» Work item
In the entries that follow, the lines from the line containing "3-osobowa rodzina osiągająca" up to and including the line containing "送到我院后,急诊医生立刻安排检查,X线片和CT检查提示:距骨周围脱位!" must be copied exactly, with pictures omitted.

(Items from a dataset)
*** Begin section ***

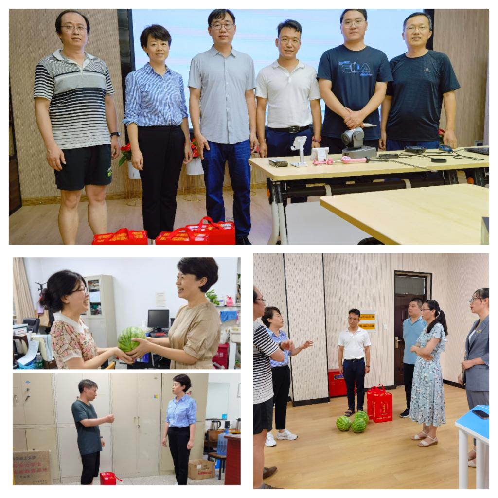 7月16日下午,公司党委书记茹艳、副经理程钢和工会副主席梁翠英等,走访慰问暑期坚守工作岗位的教师们,并送上降温解暑的水果、凉茶等慰问品。
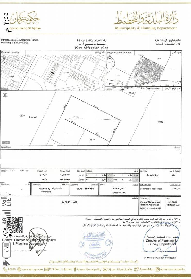 Land for sale in Al Jerf 2 On 3 streets Residential/ Commercial Permit G 10 Area 16870 SqFt Prime location next to Radisson Blu Hotel and D2D Price AED11000000 (including fees) Etwal real estate LLC is a leading real estate company in Ajman, combining experience and vision to provide integrated real estate solutions that meet the aspirations of clients and investors. We offer buying, selling
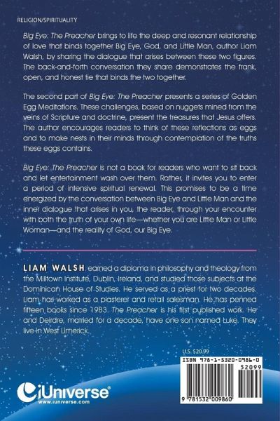 Big Eye: The Preacher brings to life the deep and resonant relationship of love that binds together Big Eye, God, and Little Man, author Liam Walsh, by sharing the dialogue that arises between these two figures. The back-and-forth conversation they share demonstrates the frank, open, and honest tie that binds the two together. The second part of Big Eye: The Preacher presents a series of Golden Egg Meditations. These challenges, based on nuggets mined from the veins of Scripture and doctrine, present the treasures that Jesus offers. The author encourages readers to think of these reflections as eggs and to make nests in their minds through contemplation of the truths these eggs contains. Big Eye: The Preacher is not a book for readers who want to sit back and let entertainment wash over them. Rather, it invites you to enter a period of intensive spiritual renewal. This promises to be a time energized by the conversation between Big Eye and Little Man and the inner dialogue that arises in you, the reader, through your encounter with both the truth of your own life—whether you are Little Man or Little Woman—and the reality of God, our Big Eye.
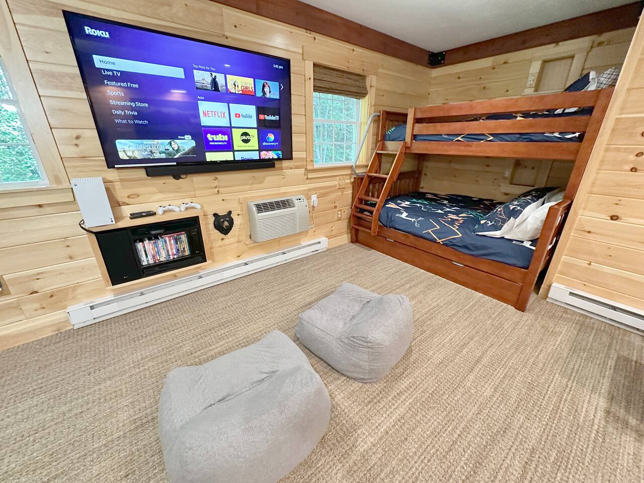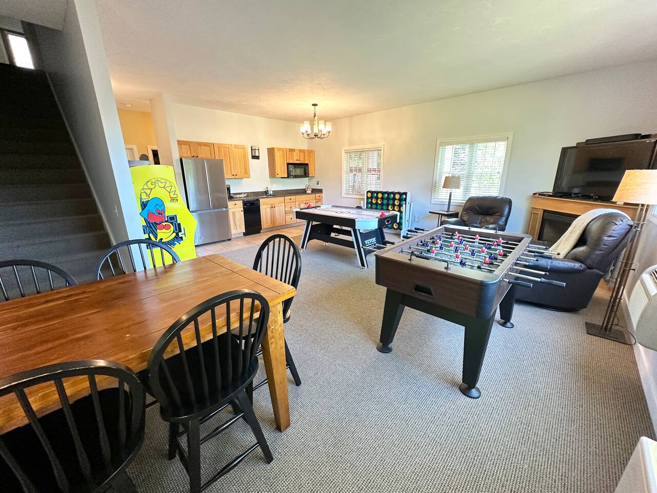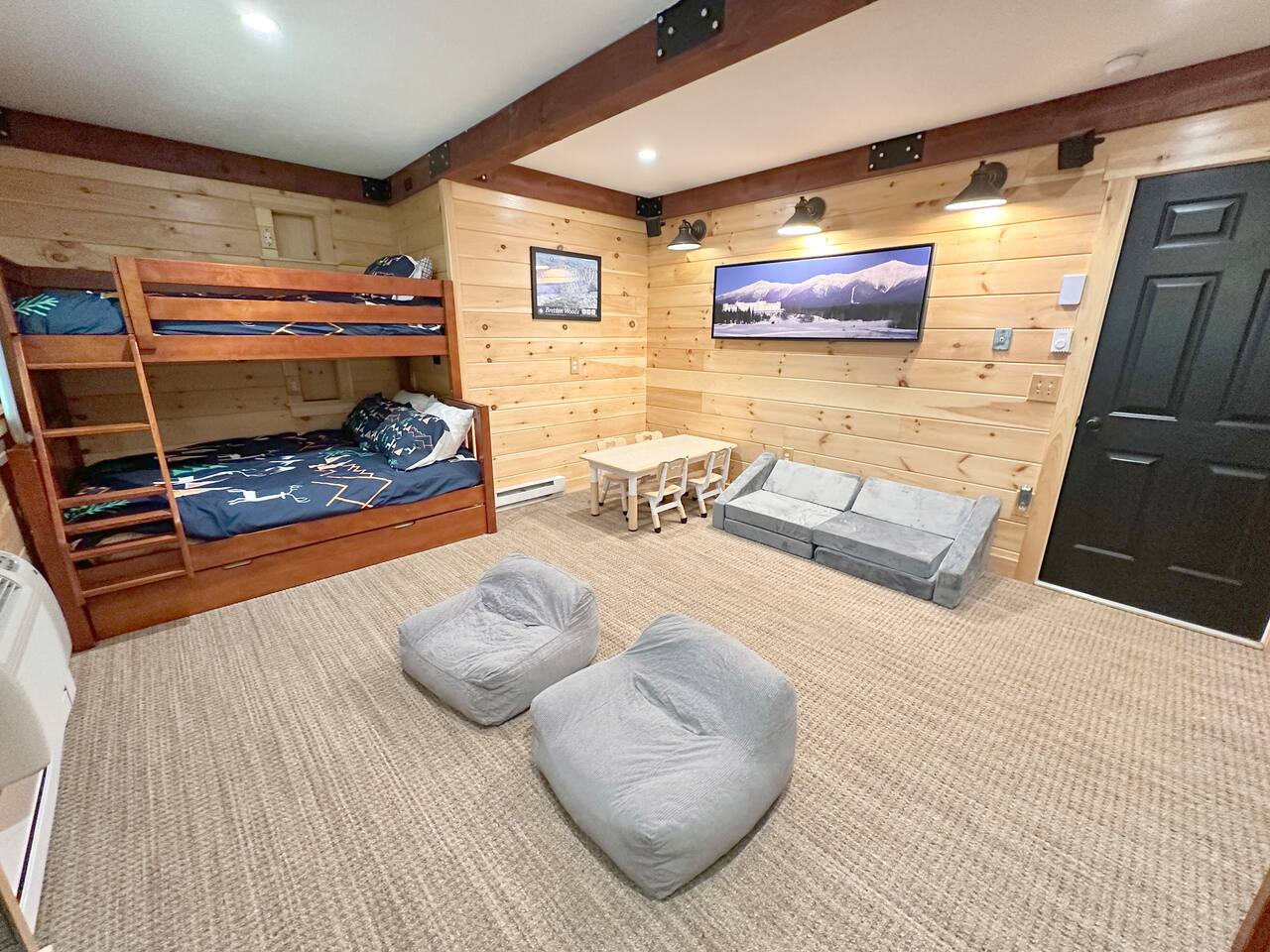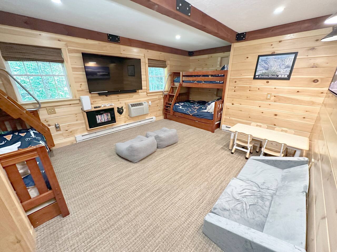 This spacious home is great for extended families and is full of amenities for an amazing stay! HIGHLIGHTS - Views of Stanton Mountain - Bedrooms with fireplaces, sitting areas, TV's and AC - Almost all bedrooms have private bathrooms - Two driveways with plenty of parking - Three different gaming areas - Gas fireplaces throughout - Wall AC units in each room - Outdoor fire pit with Adirondack chairs - Walk to Attitash ski lifts - Access to Attitash Sports Club amenities - Extensive outdoor seating - 6 person hot tub (starting early October) BEDROOMS BR1 (1st flr) - King Bed with private bath, fireplace with sitting area, TV, wall AC, sliders to deck with mountain views BR2 (1st flr) - 2 twin over full bunk beds plus 2 twin trundles, kids' play area with fort-building sofa, TV, Xbox, and board games BR3 (2nd flr) - King bed, twin bed with trundle, full crib, private bath, soaking tub, fireplace, and sofa BR4 (2nd flr) - King bed, private bath, fireplace and sitting area BR5 (lower level) - King bed, private bath, sitting area, sliders to lower deck with mountain views LIVING LEVELS 1st Flr - BR1 with bath and BR2 - Kitchen with island and bar stools - Large dining table and chairs - Living room with fireplace and mountain views - Mudroom - Decks 2nd Flr - BR3 with bath & BR4 with bath - Game room with pool table (separate stairs from bedrooms) Lower Level - BR5 with bath - Extra full bath - Kitchenette - Game room with fireplace, sitting area, arcade games, foosball, and air hockey - Exit to lower driveway - Covered deck - Hot tub (starting early October) OUTDOOR - Two driveways for parking - Large deck with multiple dining tables and chairs - Covered seating area with sofa - Covered gas grill area - Fire pit with Adirondack chairs xSTR DETAILS & SUPPLIES We go the xSTR mile to make your stay easy and memorable. We provide: - Bedding: Bed Linens, bath towels, and hot tub/pool towels - Toiletries: shampoo, conditioner, body wash, and cotton swabs in each bathroom - Kitchen supplies: pots & pans, dinnerware, bakeware, plasticware for children, toaster, blender, waffle maker, dual coffee maker (k-cup & drip), glassware, food storage containers, wine glasses, and more! - Paper goods: paper towels, toilet paper, dishwasher tablets, laundry pods, and trash bags - Coffee/Tea: Starter supplies for coffee and tea. SPORTS CLUB AMENITIES All renters will have access to Attitash Sports Club amenities including indoor/outdoor pools, indoor/outdoor hot tubs, tennis courts, playgrounds, private walking trails to small beaches along the Saco, game rooms, fitness rooms, and more. Access is free for our guests. A keycard is provided at the property. Lost keycards are subject to a $25 replacement fee. Please review the welcome book for additional information. - Indoor & Outdoor Pools - Indoor & Outdoor Hot Tubs - Saunas - Tennis Courts (clay and hard surface) - Walking Trails - Beaches along the Saco River - Fitness Rooms - Game Rooms
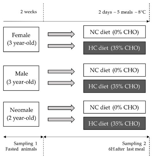 While glucose metabolism is well-described for juvenile rainbow trout [4,8], only few studies have focused on this metabolic pathway in broodstock [9,10,11,12,13] and described it during gametogenesis in males and females. However, only one study addressed questions around the effect of feeding broodstock with a diet enriched in carbohydrates, and specifically on reproductive performance by demonstrating higher fecundity and survival rate of progeny of females fed with a diet containing white flour compared to females fed with a controlled diet [10]. More recently, Callet et al. reported that female and male broodstock are able to eat and use a high-carbohydrate diet (35%) during the whole reproductive cycle for females (9 months) and during the early part of the cycle for males (4 months), as reflected by the growth performance and the success of the reproduction process. Both sexes were never hyperglycaemic when fed with a high-carbohydrate diet, to the contrary of what is commonly observed in juveniles and resulting from a particular regulation of both the glucose and the lipid metabolism [14]. However, it is not clear whether the modulation of the glucose metabolism, which may explain their ability to eat and grow under a high-carbohydrate diet compared to juveniles, is related to their physiological stage (broodstock) or results from a long-term consequence/adaption of the intake of digestible carbohydrates (4 and 9 months respectively, for males and females). Moreover, Callet et al. evaluated the long-term consequences of a high-carbohydrate diet only in female and male broodstock. However, a third sex, called neomale, is commonly used in aquaculture to produce all-female mono-sex populations [15]. To our knowledge, no study has investigated the glucose and lipid metabolism of these particular individuals fed a high-carbohydrate diet.
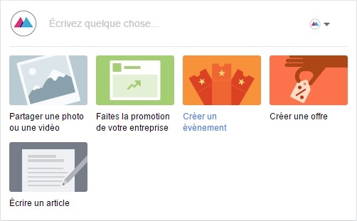 Facebook indique qu’il s’agit de « nouvelles options de publication [qui] vous aideront à communiquer avec vos clients et obtenir les résultats que vous souhaitez ». En réalité, il s’agit d’une réorganisation d’options déjà disponibles ailleurs. Vous pouvez désormais publier plus facilement des photos ou des vidéos, faire la promotion de votre entreprise (comprenez : achetez de la publicité), créer un événement, une offre ou un article. Certains community managers ont accès à davantage d’options, telles que :
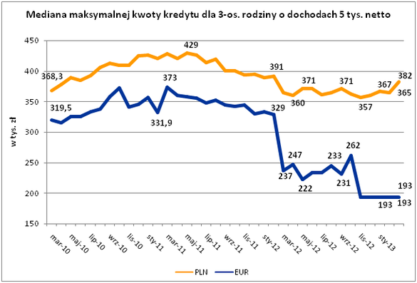 3-osobowa rodzina osiągająca dochód na poziomie 5 tys. zł netto może dziś liczyć przeciętnie na 382 tys. zł kredytu. To o 17 tysięcy więcej niż w grudniu ub. r. i jednocześnie najwięcej od grudnia 2011 roku, który był ostatnim miesiącem obowiązywania starych zasad wyliczania zdolności kredytowej, czyli bez wymogu ograniczenia okresu kredytowania do 25 lat i bez wymogu ograniczenia relacji raty do dochodu netto do 50% lub 65% (te wymagania wprowadziła jeszcze poprzednia wersja rekomendacji T w grudniu 2011 roku). Nadzór chce co prawda odejść od tych ograniczeń jeszcze w tym roku, ale nawet bez tego ruchu kredyty stają się z miesiąca na miesiąc bardziej dostępne. Jest to zasługa spadającej stopy WIBOR, która skutkuje niższym oprocentowaniem, a tym samym mniejszą comiesięczną ratą. A to z kolei zasługa już dokonanych oraz oczekiwanych obniżek stóp NBP. W listopadzie i w grudniu RPP obniżyła już stopy w sumie o 50 pkt. bazowych. Dziś spodziewana jest kolejna obniżka o przynajmniej 25 punktów. W sumie w ciągu trzech miesięcy stopy powinny spaść o 75 pkt. bazowych i wszystko wskazuje na to, że to jeszcze nie koniec cięć.
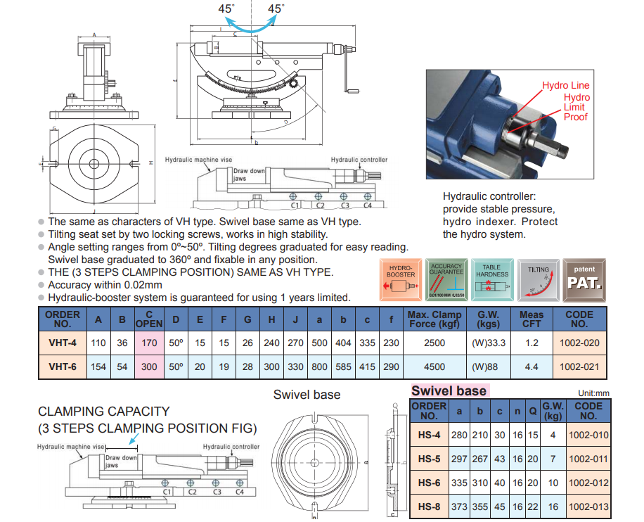 • Thân ê tô thủy lực VHT này về cơ bản được cấu tạo giống với loại Ê tô thủy lực VH, chỉ khác ở chỗ là phần đế ê tô có thể nghiêng theo phướng đứng 0˚~ 50˚ và có thể xoay 360o giúp bạn có thể điều chỉnh góc nghiêng chính xác ở bất kỳ góc độ nào mà bạn cần.
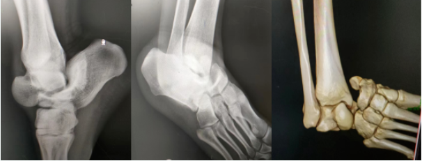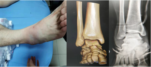 送到我院后,急诊医生立刻安排检查,X线片和CT检查提示:距骨周围脱位!
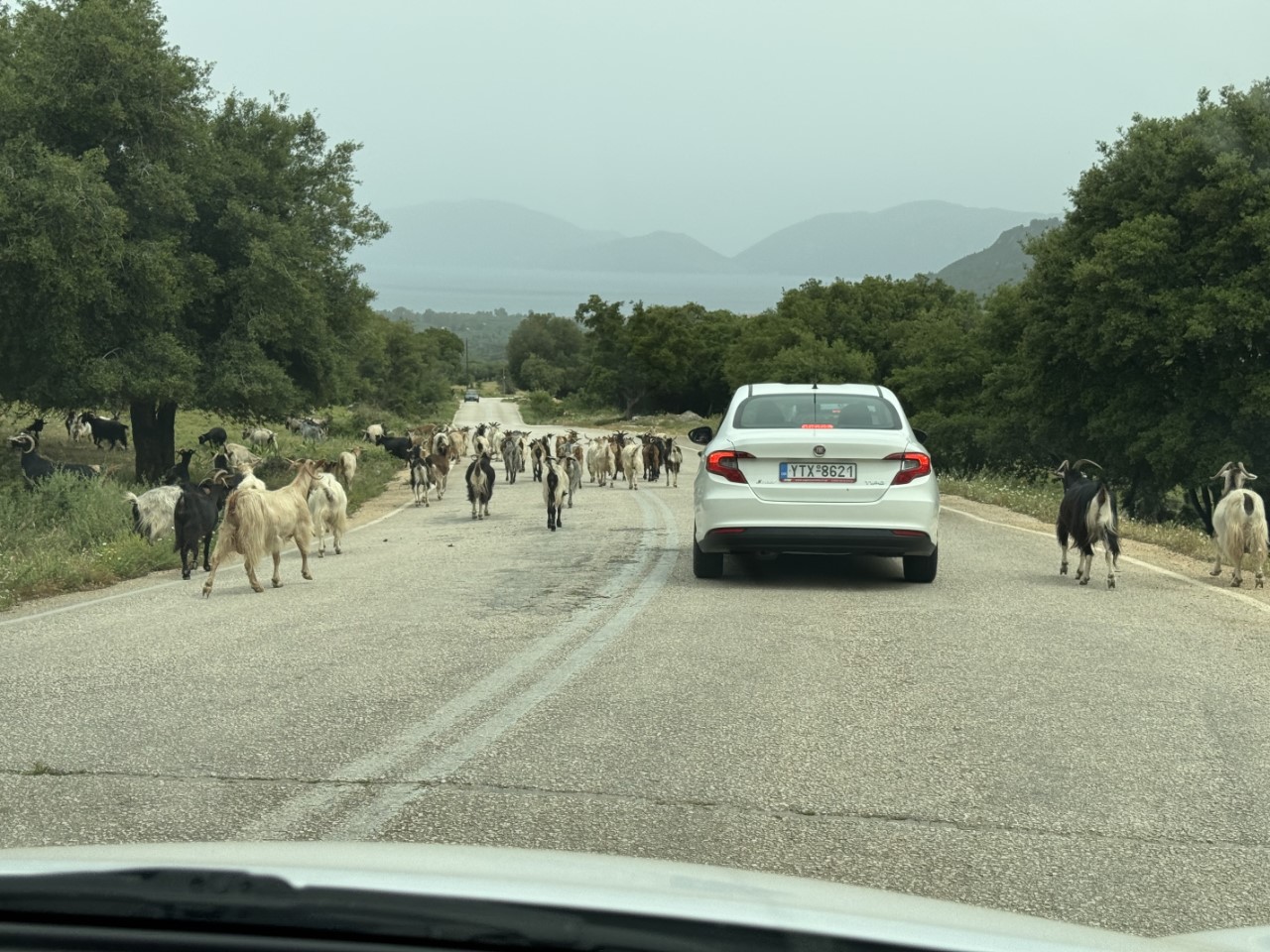 Marianne gaat de aankomsthal in om Mark tegemoet te lopen en krijgt daar de leukste verrassing. Dezelfde die ik op de parkeerplaats kreeg. Niet alleen Mark is geland, maar ook Marnix! We zijn blij verrast, dat Marnix ook een weekje mee gaat varen met ons. De terugweg naar Agia Euphimia is net zo mooi. Eerst door het drukke Argostoli, waar heel weinig zeilboten aan de kade liggen (de voorspelde golfhoogte was daar gisteren twee meter). We rijden door de bergen en een kudde geiten, via Sami, waar de havenkom er heel vredig uitziet, terug naar onze haven in Euphimia. De golven stromen nog steeds binnen. Mark vindt het maar niks om via ons loopplankje op een hobbelende Just te stappen. We besluiten om snel te vertrekken naar Sami, waar het er zo vredig uitziet.

*** End section ***

» Solution
 3-osobowa rodzina osiągająca dochód na poziomie 5 tys. zł netto może dziś liczyć przeciętnie na 382 tys. zł kredytu. To o 17 tysięcy więcej niż w grudniu ub. r. i jednocześnie najwięcej od grudnia 2011 roku, który był ostatnim miesiącem obowiązywania starych zasad wyliczania zdolności kredytowej, czyli bez wymogu ograniczenia okresu kredytowania do 25 lat i bez wymogu ograniczenia relacji raty do dochodu netto do 50% lub 65% (te wymagania wprowadziła jeszcze poprzednia wersja rekomendacji T w grudniu 2011 roku). Nadzór chce co prawda odejść od tych ograniczeń jeszcze w tym roku, ale nawet bez tego ruchu kredyty stają się z miesiąca na miesiąc bardziej dostępne. Jest to zasługa spadającej stopy WIBOR, która skutkuje niższym oprocentowaniem, a tym samym mniejszą comiesięczną ratą. A to z kolei zasługa już dokonanych oraz oczekiwanych obniżek stóp NBP. W listopadzie i w grudniu RPP obniżyła już stopy w sumie o 50 pkt. bazowych. Dziś spodziewana jest kolejna obniżka o przynajmniej 25 punktów. W sumie w ciągu trzech miesięcy stopy powinny spaść o 75 pkt. bazowych i wszystko wskazuje na to, że to jeszcze nie koniec cięć.
 • Thân ê tô thủy lực VHT này về cơ bản được cấu tạo giống với loại Ê tô thủy lực VH, chỉ khác ở chỗ là phần đế ê tô có thể nghiêng theo phướng đứng 0˚~ 50˚ và có thể xoay 360o giúp bạn có thể điều chỉnh góc nghiêng chính xác ở bất kỳ góc độ nào mà bạn cần.
 送到我院后,急诊医生立刻安排检查,X线片和CT检查提示:距骨周围脱位!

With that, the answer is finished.